Midpoint — the bounded scene where the initial approach is revealed as insufficient, or where new information forces a revision. Falling Action — the stretch where the revised approach is being applied, often with mounting stakes. Climax — the bounded test of the revised approach, the scene that answers whether it works. Wind-Down — the falling pressure after the test. New Equilibrium — the stable state the protagonist arrives at, which may or may not match what they were aiming for.
Each rivet is a single scene or short intercut sequence, not a stretch of the film. The Climax is the test, not the decision to face the test. The Midpoint is the revelation, not the scene that follows from it.
The quadrants
Two questions about every film, asked at the level of the protagonist's initial approach:
Were better tools available? Could the protagonist, in principle, have done this with skills, allies, or resources they didn't initially deploy? Was the initial approach sufficient? If they had stuck with it without revision, would the film have ended in success?
The crossing of those two axes gives four quadrants. Better tools, sufficient is the classical comedy or redemption arc — the protagonist had what they needed, found it, and the story is the finding. Better tools, insufficient is the tragedy of unused capacity — the protagonist had the means and didn't reach for it, or reached too late. No better tools, sufficient is the hero story — the protagonist did the best anyone could have done, and it was enough. No better tools, insufficient is the true tragedy — the protagonist did everything available, and the world wasn't built for them to win.
The quadrant is named in the first paragraph of every essay. It's not a label; it's a claim about what kind of story the film is.
Values, strategy, tactics
Below the rivets, the framework distinguishes three levels of revision the protagonist might make at the midpoint:
Tactics change when the protagonist tries a different specific maneuver while pursuing the same plan. Strategy changes when they abandon the plan for a different plan toward the same goal. Values change when they reach the goal itself and reject it — when the midpoint reveals not a flawed approach but a flawed objective.

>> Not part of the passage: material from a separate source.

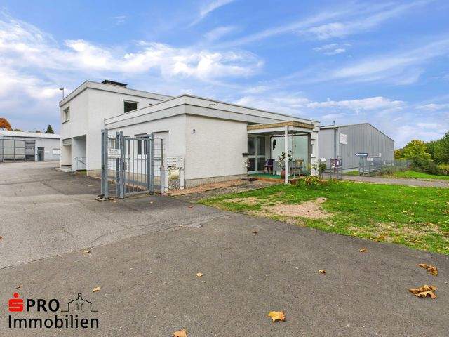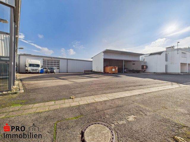 Das gepflegte Gewerbeareal in Neunkirchen bietet auf einem ca. 6.550 m² großen Grundstück eine vielseitig nutzbare Kombination aus Hallen-, Büro- und Wohnflächen.

Most films revise at one of the three levels. The interesting cases revise at one level while pretending to revise at another. A film that looks like a values story but is really a strategy story tells you something about the genre it's in; a film that looks like a tactics story but is really a values story is usually the most interesting one in its decade.
Verification
Every beat in every essay's underlying breakdown is verified against the film's subtitle file as ground truth. The screenplay is consulted as a secondary source — useful for intent, untrustworthy for what's actually on screen. Discrepancies between screenplay and finished film are noted, not smoothed over. Quotes are checked against their alleged sources. Claims that can't be verified are flagged in place rather than removed; a flagged uncertainty is more useful than a confident fiction.
What this is not
It is not three-act structure with new vocabulary. It is not Save the Cat. It is not Yorke's five-act variant or Snyder's beat sheet. Those frameworks are useful for screenwriters; this one is built for readers, and it's specifically designed to make visible the films those frameworks struggle with — films whose midpoints are buried, whose climaxes precede their windups, whose protagonists revise at a level the standard frameworks don't have a name for.
The full framework lives at the wiki, in two-paths-framework.md. The essays here are what happens when it gets pointed at specific films.